_YOUR ASSIGNMENT_. Copy the first line of the entries below and every line after it through the line containing "tanica da 5lt". Do not include pictures.

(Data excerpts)
----
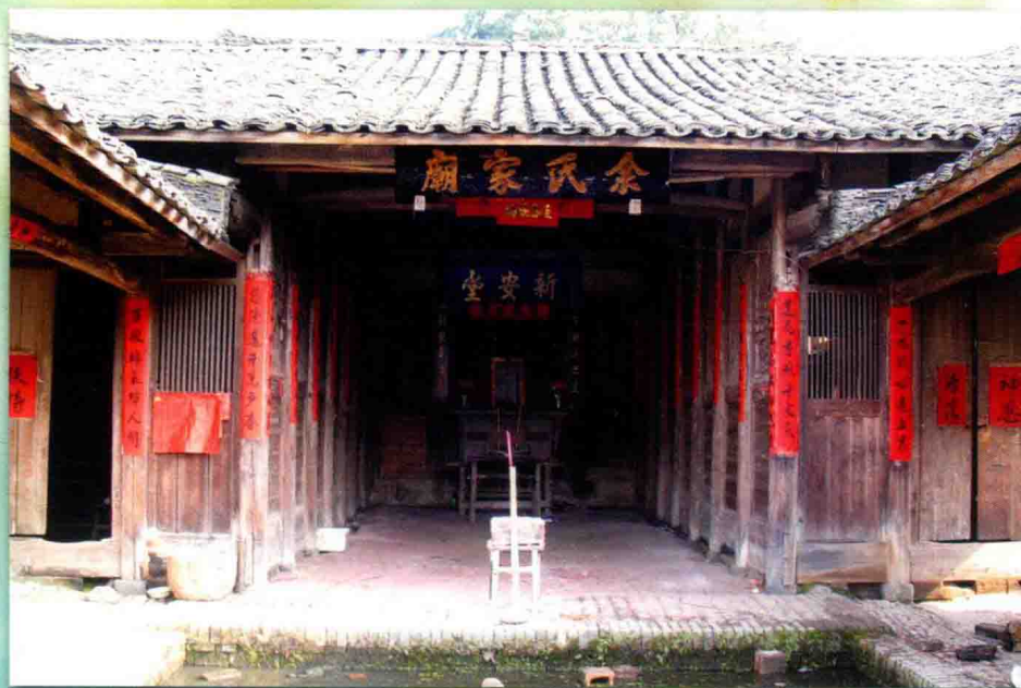
余氏家庙位于连城朋口上莒溪上村。
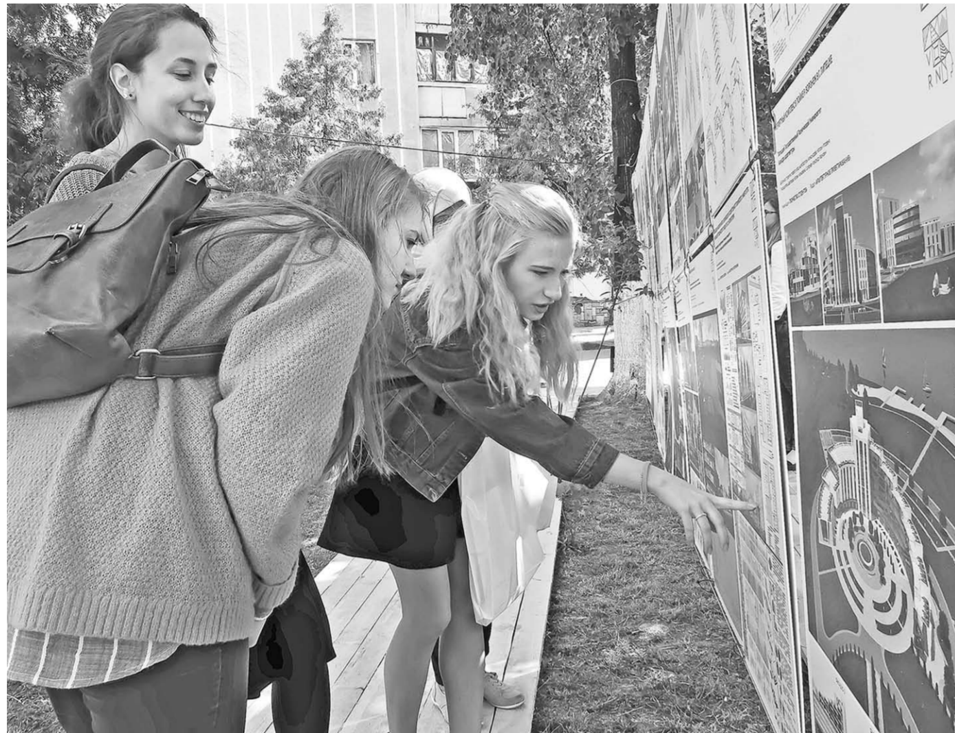
Воронежцы с большим интересом изучали проекты молодых архитекторов.

Общество | Архитектурный форум «Зодчество VRN 2018» привлёк внимание не только профессионалов
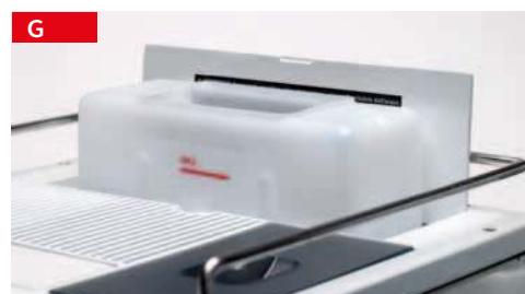
tanica da 5lt o attacco diretto 5Lt tank or mains connection
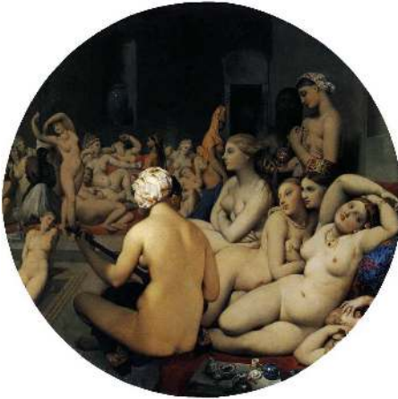
Imatge 4. Jean Auguste Dominique Ingres, El baño turco , 1862.
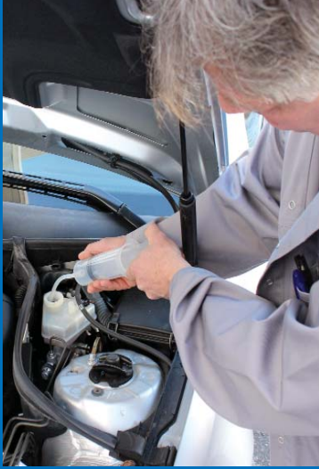
Sipsak dengeleme haznesi bosaltildi.
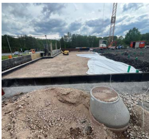
Einbau und Verdichtung von recycelten Material und nachhaltigem Glasschaumschotter als Unterbau für das Fundament.
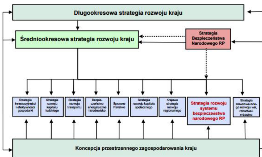
Rysunek 1. Hierarchia strategii wg MON

W przyjętej przez Radę Ministrów uchwale z dnia 9 kwietnia 2013 r. 9 znajduje się opracowanie własne MON określające hierarchię planów strategicznych (nie mające żadnej mocy, jednak wskazujące na systemowe podejście pracowników resortu bezpieczeństwa). Przedstawione jest ono na pierwszej ilustracji (zob. rys. 1).
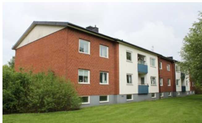
Lamellhus av olika typer finner man bland annat i kvarteret Krubban och Höskrindan i Kronogården.
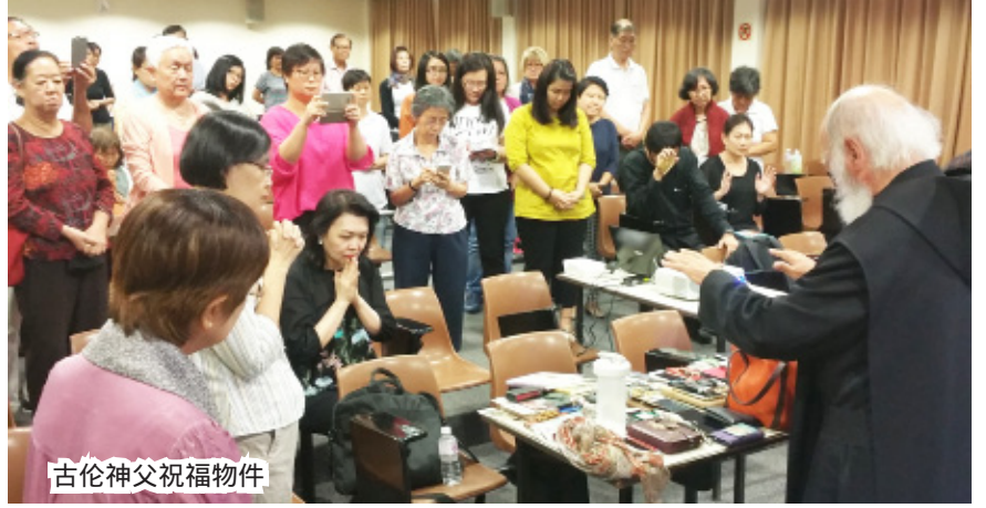
古伦神父祝福物件

德国灵修大师古伦神父第三次来新加坡，从8月26日至31日马不停蹄在天主教教育中心、圣亚纳堂、和平之后堂、复活堂和圣十字架堂给灵修讲座，其中8月28日在卫理公会给牧者主办退修日。今年的灵修讲座和往年不同，重点是从个人到团体，家庭到教会，青年到老年，负面到正面，破碎到治愈。
----
_SOLVED PROBLEM_.
余氏家庙位于连城朋口上莒溪上村。
Воронежцы с большим интересом изучали проекты молодых архитекторов.

Общество | Архитектурный форум «Зодчество VRN 2018» привлёк внимание не только профессионалов
tanica da 5lt o attacco diretto 5Lt tank or mains connection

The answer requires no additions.